#### Information supplied
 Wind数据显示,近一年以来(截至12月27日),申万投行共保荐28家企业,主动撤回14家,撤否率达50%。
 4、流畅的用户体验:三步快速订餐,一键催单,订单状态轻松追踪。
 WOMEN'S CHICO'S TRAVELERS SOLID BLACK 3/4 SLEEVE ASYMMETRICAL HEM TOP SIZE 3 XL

---

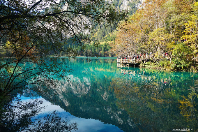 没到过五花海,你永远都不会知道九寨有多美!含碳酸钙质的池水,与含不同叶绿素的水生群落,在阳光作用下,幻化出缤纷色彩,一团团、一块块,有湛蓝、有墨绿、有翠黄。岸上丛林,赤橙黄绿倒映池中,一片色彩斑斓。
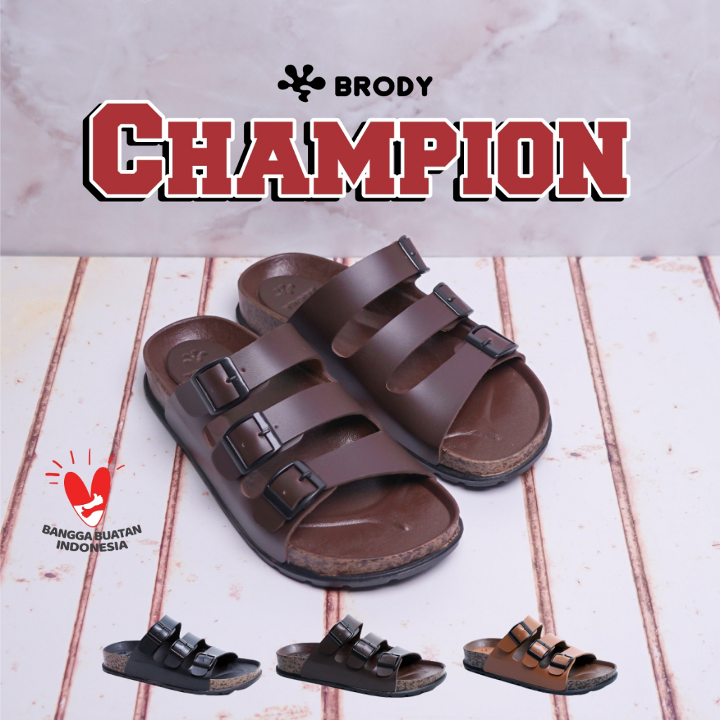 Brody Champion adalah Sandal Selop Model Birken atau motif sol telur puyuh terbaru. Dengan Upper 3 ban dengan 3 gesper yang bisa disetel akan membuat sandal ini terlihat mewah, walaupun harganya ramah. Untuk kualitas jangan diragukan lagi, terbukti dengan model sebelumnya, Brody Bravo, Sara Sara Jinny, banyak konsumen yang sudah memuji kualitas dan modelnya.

#### Directions
In the entries above, find the line containing "没到过五花海,你永远都不会知" and the line containing "Brody Champion adalah", then copy both and every line between them exactly, without any picture.

#### Result of this task
 没到过五花海,你永远都不会知道九寨有多美!含碳酸钙质的池水,与含不同叶绿素的水生群落,在阳光作用下,幻化出缤纷色彩,一团团、一块块,有湛蓝、有墨绿、有翠黄。岸上丛林,赤橙黄绿倒映池中,一片色彩斑斓。
 Brody Champion adalah Sandal Selop Model Birken atau motif sol telur puyuh terbaru. Dengan Upper 3 ban dengan 3 gesper yang bisa disetel akan membuat sandal ini terlihat mewah, walaupun harganya ramah. Untuk kualitas jangan diragukan lagi, terbukti dengan model sebelumnya, Brody Bravo, Sara Sara Jinny, banyak konsumen yang sudah memuji kualitas dan modelnya.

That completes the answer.